Apple ordered to pay VirnetX $503M for infringing patents

Posted:
in General Discussion edited October 2020
A federal jury on Friday calculated Apple owes VirnetX $502.8 million for infringing on the patent holdings company's intellectual property, the latest in a string of verdicts related to the serial filer.




The most recent verdict in Apple's long-running legal war with VirnetX was handed down by a jury hearing the case in the patent holder-friendly U.S. District Court for the Eastern District of Texas.

VirnetX is brandishing VPN on Demand IP, claiming Apple's FaceTime protocol infringed on the invention. The firm initially asked for $700 million, while Apple argued a more reasonable royalty rate of 19 cents per unit would produce $113 million, reports Bloomberg. The jury landed on 84 cents per unit, the report said.
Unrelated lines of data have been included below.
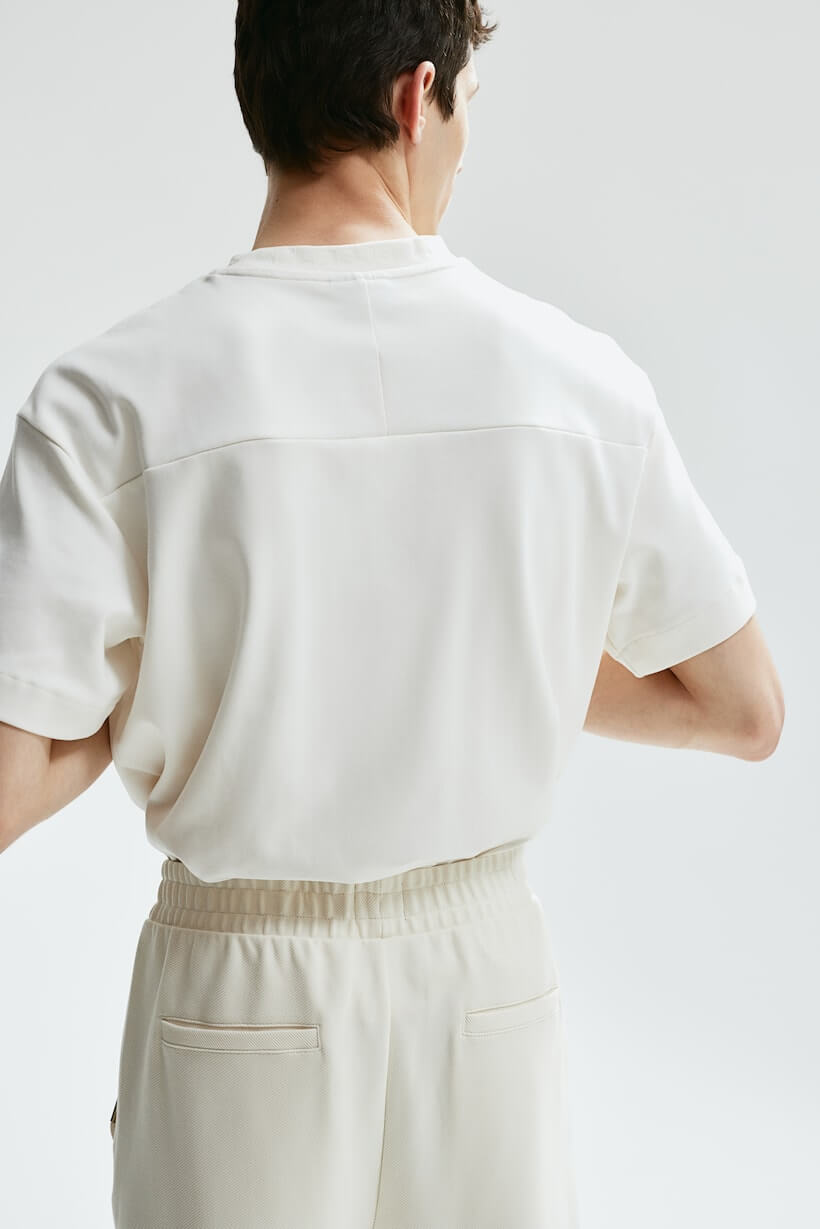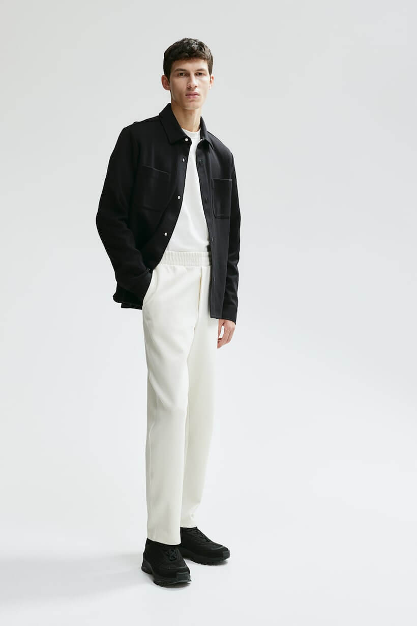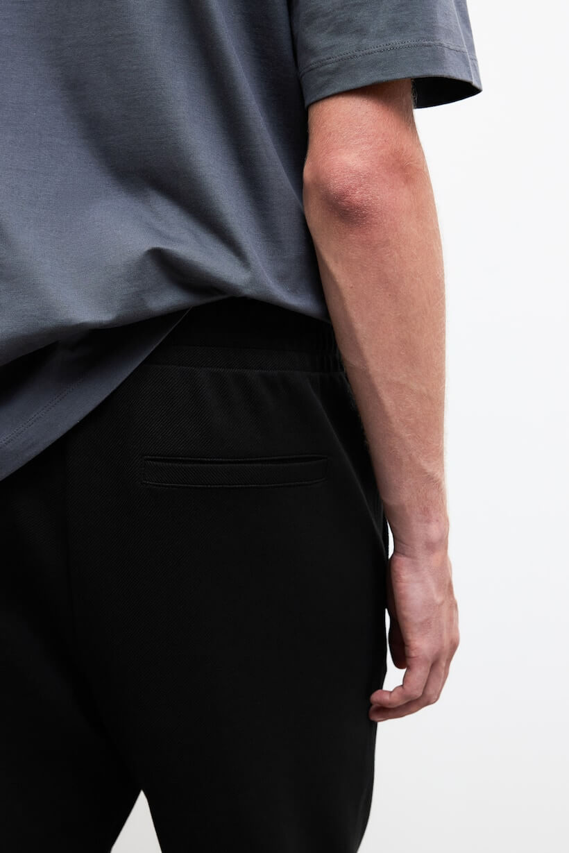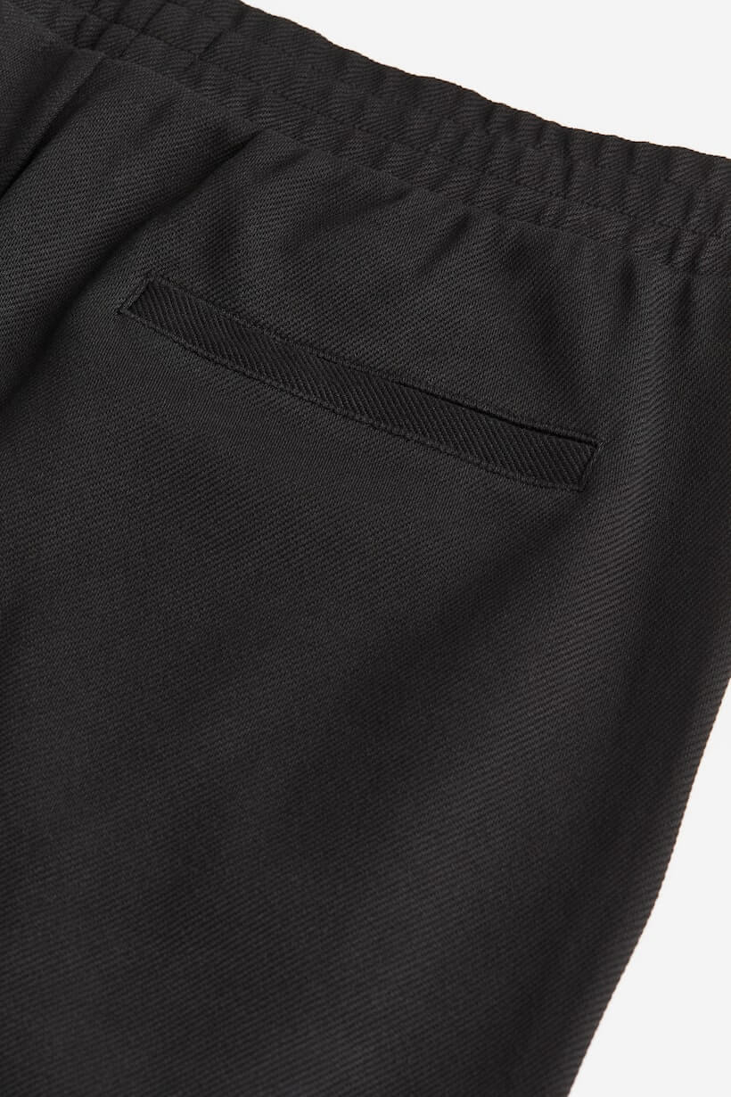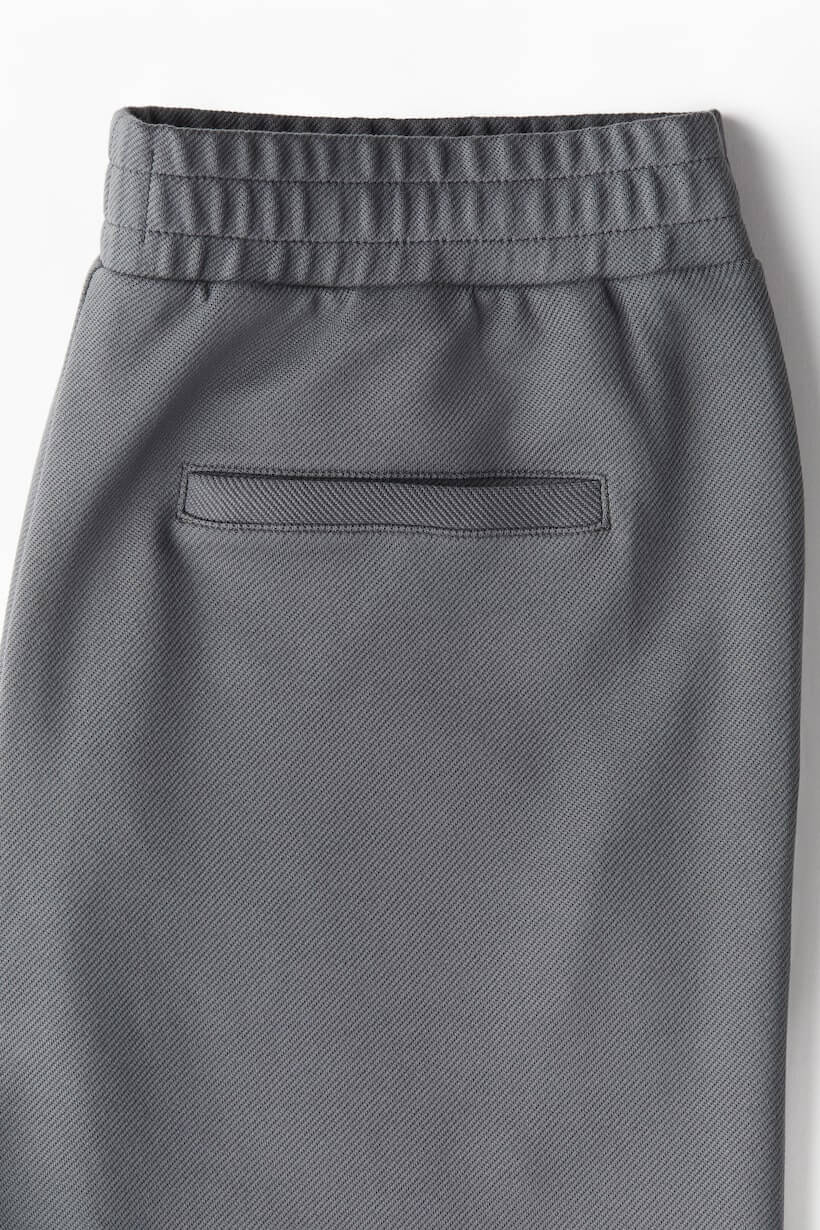 Slim-fit joggers in twill with a fitted silhouette. Covered elastic and a concealed drawstring at waistband, mock fly, diagonal side pockets, and welt back pockets.
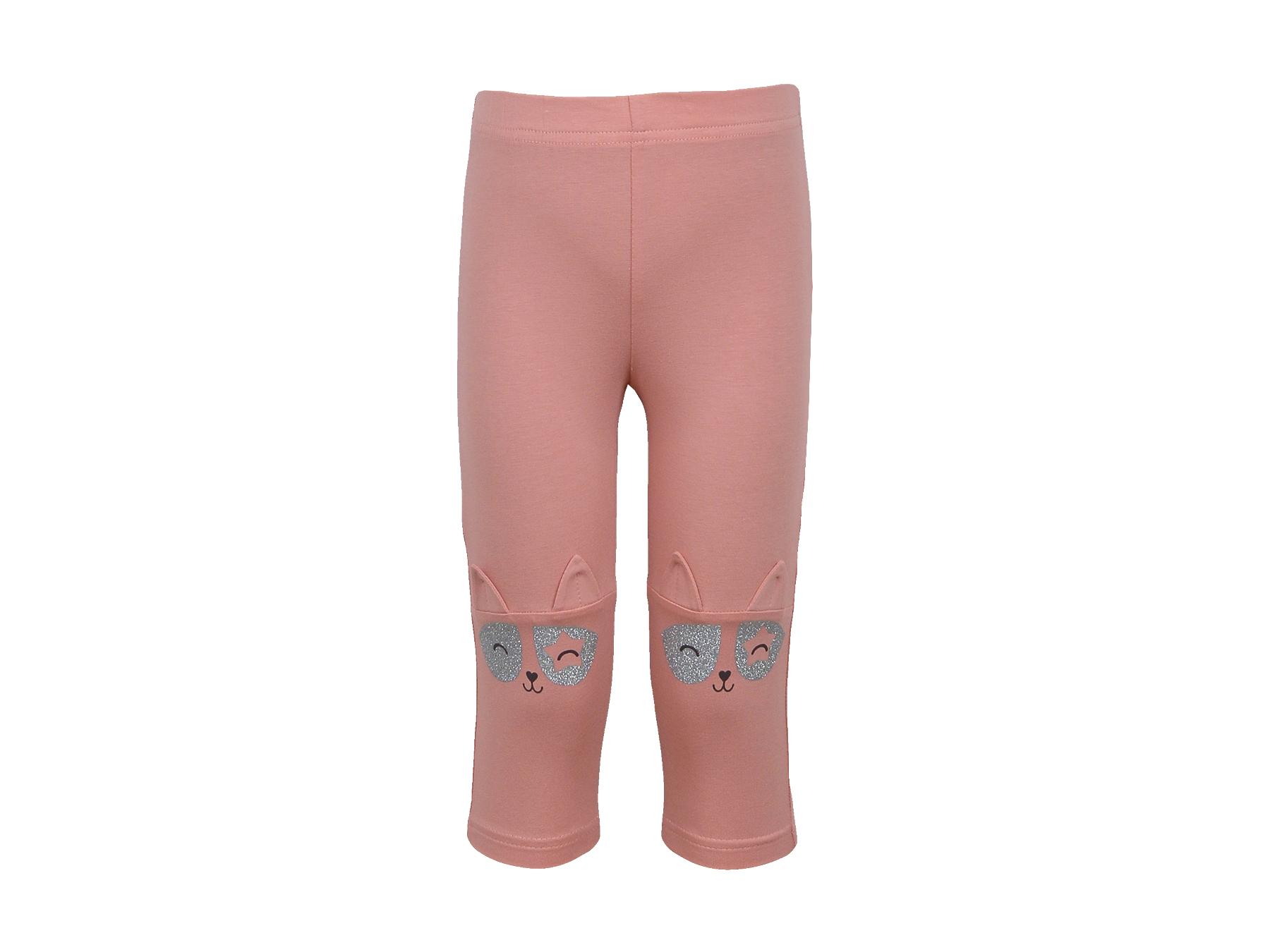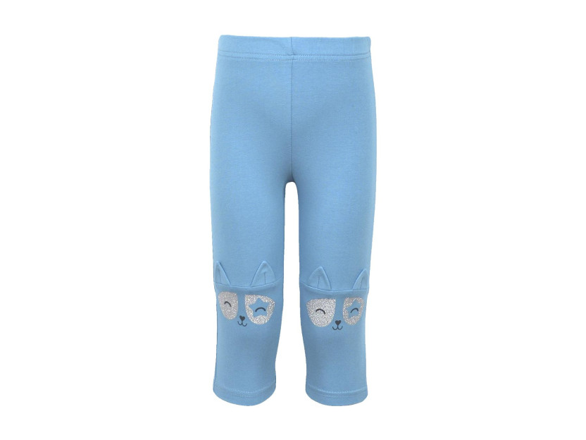Кулирное полотно:95% х/б.,5% лайкра. Лосины-укороченные, передние половинки с подрезами и печатью, в шов подрезов вставлены "ушки".
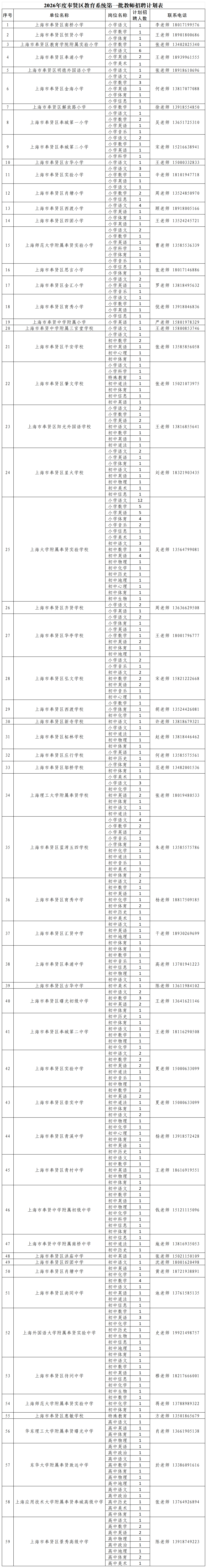 根据《上海市事业单位公开招聘人员办法》(沪人社规〔2019〕15号)的有关规定,结合本区教育事业发展需求,现发布2026年度奉贤区教育系统第一批教师招聘公告。

Apple will appeal the decision.

"We thank the jury for their time and appreciate their consideration but are disappointed with the verdict and plan to appeal," an Apple spokesperson said in a statement to Bloomberg. "This case has been going on for over a decade, with patents that are unrelated to the core operations of our products and have been found to be invalid by the patent office. Cases like this only serve to stifle innovation and harm consumers."

Today's decision follows a partially successful appeal on the case's original $503 million ruling. Last year, the U.S. Court of Appeals for the Federal Circuit vacated infringement findings on two patents while upholding two others asserted against iPhone. The case was sent back to Texas.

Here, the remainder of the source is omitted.